What the task asks: Skip the pictures. Return exactly the lines from the one containing "Fototapeta premium Majestic" through the end of the entries below.

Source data
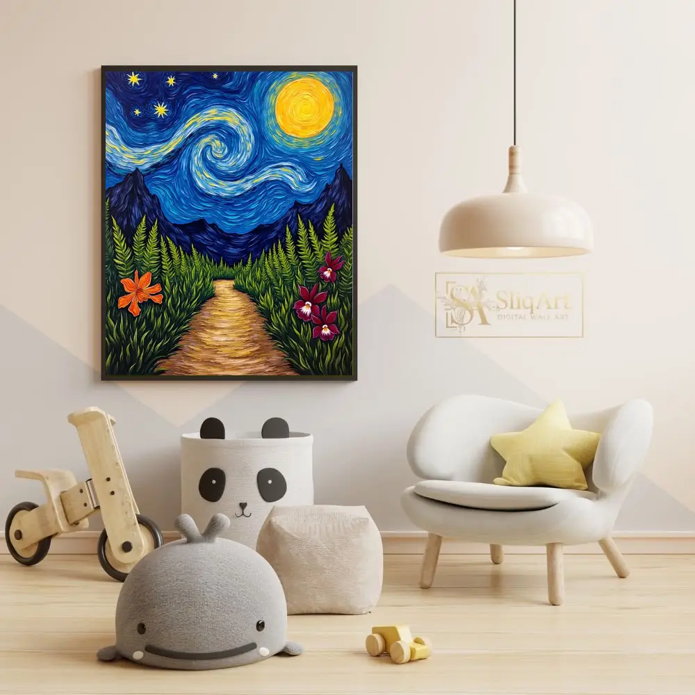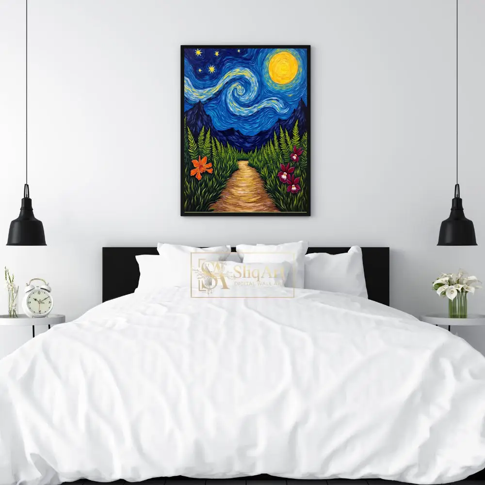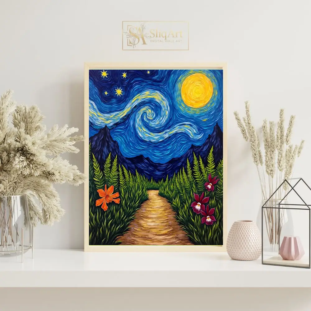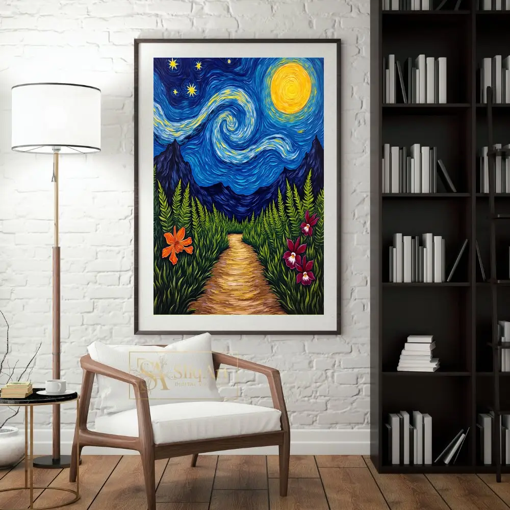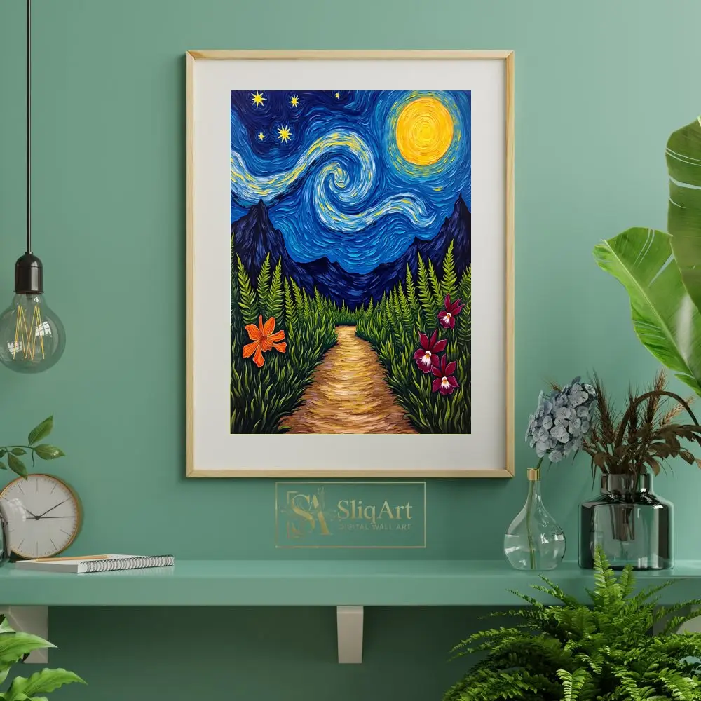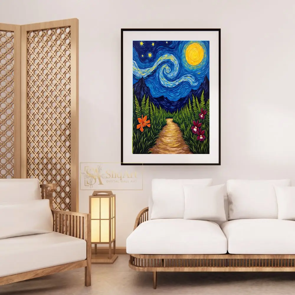 Experience a captivating fusion of classic impressionism and tropical wonder with this stunning night landscape. Inspired by the rhythmic swirls of Van Gogh, the piece features a mesmerizing celestial sky where a glowing golden moon and radiant stars dance above the silhouette of distant mountain peaks. The foreground invites you onto a sun-dappled path winding through a lush thicket of ferns, accented by vibrant orange and magenta orchids that pop against the deep greenery.
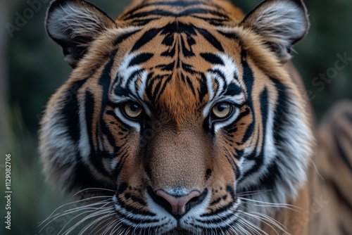 Fototapeta premium Majestic tiger gazes directly with powerful presence in a natural habitat...
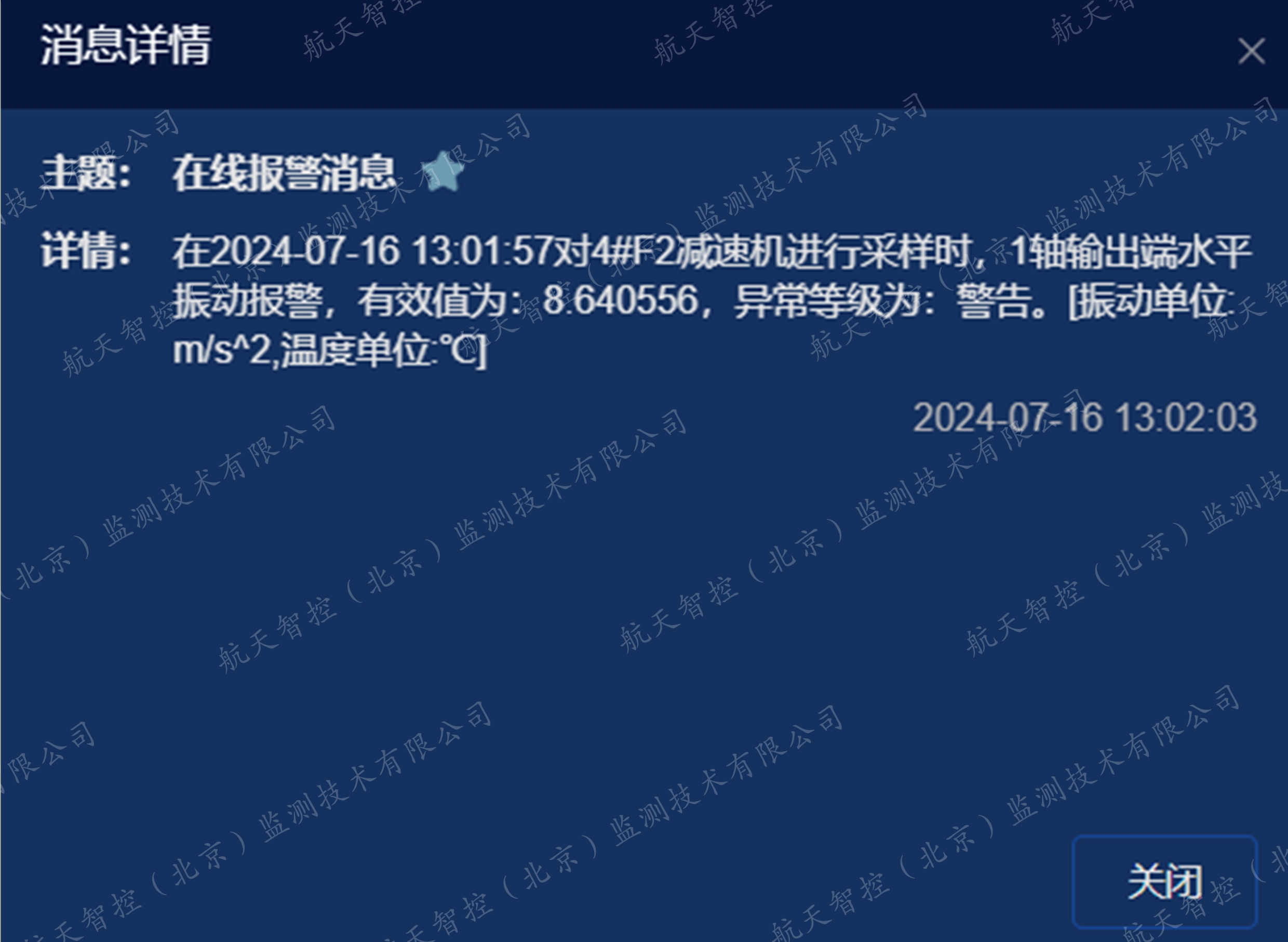 7月16日下午约13:00,精轧减速机出现异常波动,航天智控的智能运维系统凭借敏锐的“触觉”,第一时间捕捉到了这一细微变化。系统监测显示,精轧减速机各轴振动值开始出现上升,尤其是其一轴及二轴输出端较为明显,振动值最高上升至12m/s2左右,达到警告级别,瞬间触发智能报警。
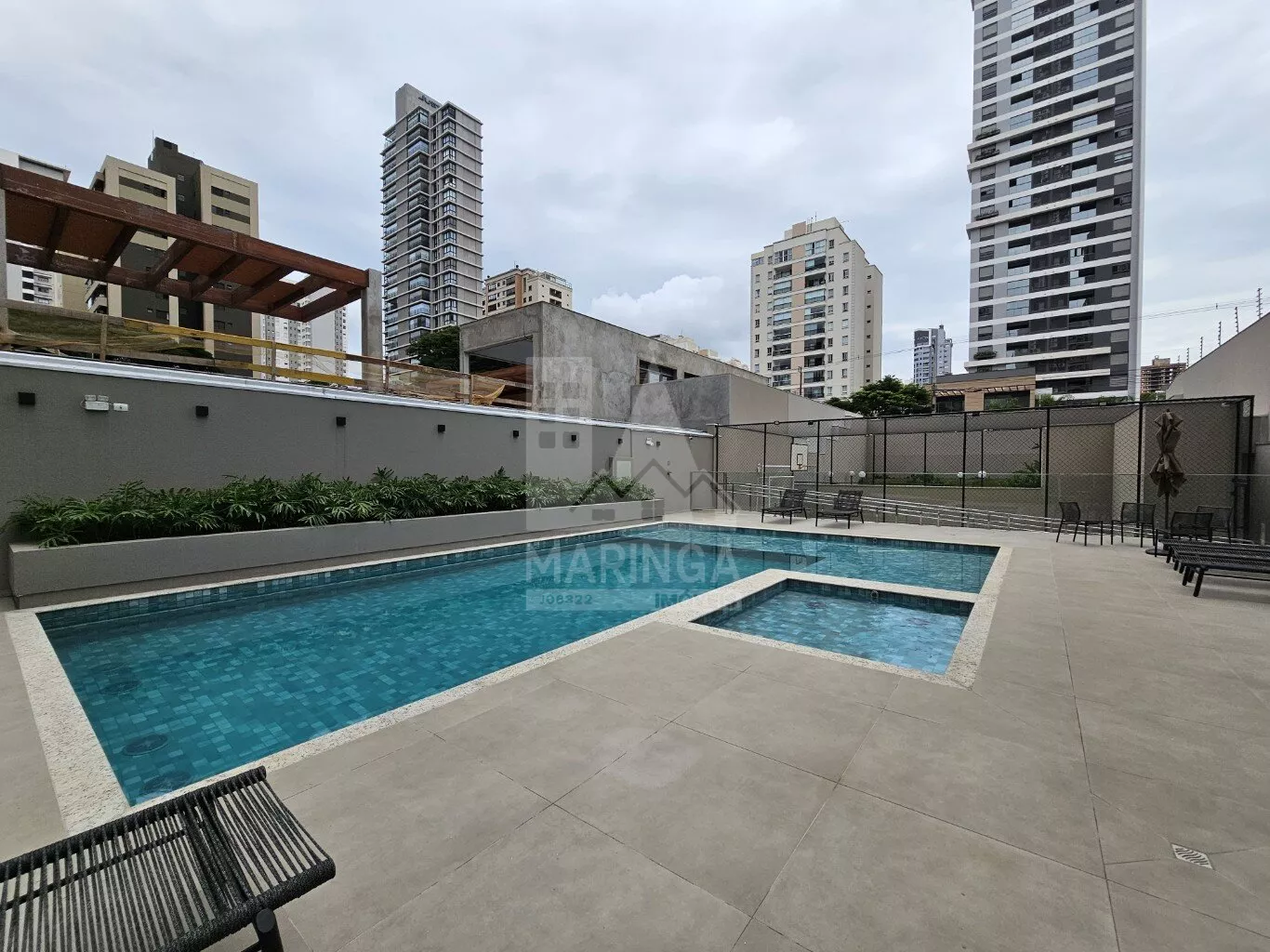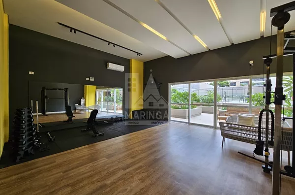 O apartamento com 1 suíte, ambientes integrados e sacada com churrasqueira com uma vista para o Parque do Ingá!
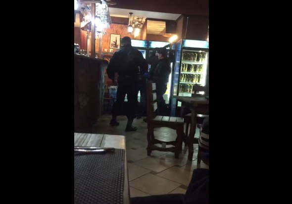 На кадрах видно, как три молодых человека, предположительно, сотрудники частного охранного агенства, избивают двух посетителей кафе. Сначала они бьют одного мужчину, тот падает на пол от удара прикладом, затем они валят на землю другого посетителя и один из охранников бьет его ногой по голове. Действие продолжается около минуты, после чего все участники потасовки удаляются на улицу.
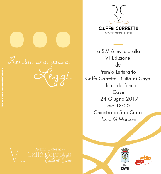 VII Edizione del Premio Letterario "Caffè Corretto Città di Cave" che si svolgerà sabato 24 giugno alle ore 18,00 nel chiostro della Chiesa di San Carlo, Piazza Marconi 1, Cave (Rm).
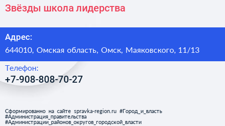 Звёзды, школа лидерства по адресу 644010, Омская область, Омск, Маяковского, 11/13 в дальнейшем Организация, размещена в следующих категориях:
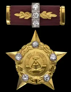 Seguindo o exemplo do título honorário soviético de Herói da União Soviética, o título de Herói da RDA incluía a medalha Estrela de Ouro, um certificado e um prêmio monetário e, a partir de 1978, o prêmio obrigatório da Ordem de Karl Marx. Ambas as condecorações deveriam ser devolvidas ao Estado após a morte do premiado.

Exercise result:
 Fototapeta premium Majestic tiger gazes directly with powerful presence in a natural habitat...
 7月16日下午约13:00,精轧减速机出现异常波动,航天智控的智能运维系统凭借敏锐的“触觉”,第一时间捕捉到了这一细微变化。系统监测显示,精轧减速机各轴振动值开始出现上升,尤其是其一轴及二轴输出端较为明显,振动值最高上升至12m/s2左右,达到警告级别,瞬间触发智能报警。
 O apartamento com 1 suíte, ambientes integrados e sacada com churrasqueira com uma vista para o Parque do Ingá!
 На кадрах видно, как три молодых человека, предположительно, сотрудники частного охранного агенства, избивают двух посетителей кафе. Сначала они бьют одного мужчину, тот падает на пол от удара прикладом, затем они валят на землю другого посетителя и один из охранников бьет его ногой по голове. Действие продолжается около минуты, после чего все участники потасовки удаляются на улицу.
 VII Edizione del Premio Letterario "Caffè Corretto Città di Cave" che si svolgerà sabato 24 giugno alle ore 18,00 nel chiostro della Chiesa di San Carlo, Piazza Marconi 1, Cave (Rm).
 Звёзды, школа лидерства по адресу 644010, Омская область, Омск, Маяковского, 11/13 в дальнейшем Организация, размещена в следующих категориях:
 Seguindo o exemplo do título honorário soviético de Herói da União Soviética, o título de Herói da RDA incluía a medalha Estrela de Ouro, um certificado e um prêmio monetário e, a partir de 1978, o prêmio obrigatório da Ordem de Karl Marx. Ambas as condecorações deveriam ser devolvidas ao Estado após a morte do premiado.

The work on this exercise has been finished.